As part of this work, we have identified a clear need for better measurement and indicators of risks, so that we can base policies on sound evidence. This goes to the heart of our forward looking roadmap on digital which we launched at the Going Digital Summit last month, the Going Digital Integrated Policy Framework. Social prosperity, inclusion, well-being and building trust in the digital age are key pillars of our approach.
This also means practicing what we preach. Last month we launched an overhaul of our internal approach to protecting personal data. It follows elements of the 2013 OECD Guidelines as well as other international best practice.
The new regime includes updated rules for processing, with broader rights for individuals. These rights apply not just to staff but extend to any individual whose data we process.
We also put in place a robust governance framework, with the introduction of the roles of Data Protection Officer and Data Protection Commissioner, as well as a mechanism to settle individual claims.
Billy Hawkes, our new Commissioner, is here with you for this event, as well as our Data Protection Officer, Michael Donohue.
Getting the new regime established was the first step. Now we are busy rolling it out across the organization:
First, there is no privacy without good security. Our digital security team works very closely with the new data protection function.
The second aspect relates to effecting organisational change. We are developing an experimental, behaviorally-informed approach to implement our new data protection rules.
For example, we are raising awareness among staff about phishing emails and this included an experiment in which we randomly sent different variations of the same message to staff and recorded differences in response rates.
This is yielding interesting results, which our security team in the Executive Directorate are analysing and will soon share. We hope that this way of using behavioural science and experimentation will help us improve digital security and data protection.
One dimension that we must keep at the top of our minds is that that there are implementation challenges and legal issues that are unique to international organisations. We are not like corporations or even national administrations. Our independence and immunities are part of our DNA.

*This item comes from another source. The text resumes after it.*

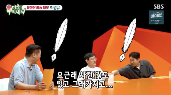 이날 신동엽은 "45년이 됐음에도 아직 해드시고 계신다. 그럼에도 뒤쳐지지 않기 위해 다양한 프로그램을 보고 계신다고 한다"라며 소개했다. 이어 이경규는 "'미우새'를 보지 않는 이유는 망한 프로그램만 보기 때문이다. 망한 프로그램을 보면 자신감이 생긴다"라고 말해 웃음을 자아냈다.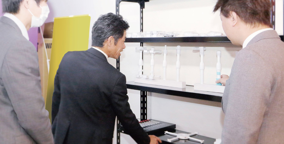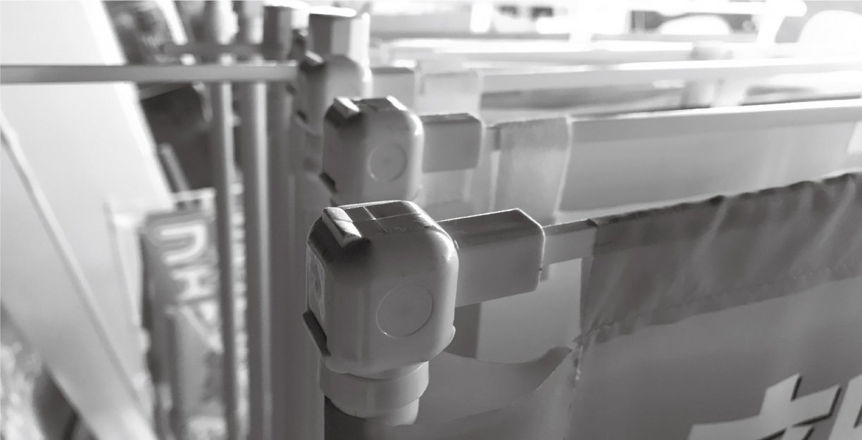 当社オリジナル製品の「核」となる、専用設計のパーツです。既存ののぼり用ポールに接続することを想定しているため、コストメリットの高い製品となっています。

We learn from domestic approaches, and draw on best practices, but are ultimately subject to our own rules.
One issue of concern to many international organisations relates to personal data transfers. We fully appreciate that our Members and partners have to comply with domestic laws, so we need mechanisms and approaches that embed data protection into these flows. However, these mechanisms must also respect our international character.
We look forward to hearing how our colleagues in other organisations are addressing these and other issues and to sharing our best practices.
I’d like to finish by thanking you for your engagement on this issue which protects us all. I look forward to hearing about the outcomes of you discussions.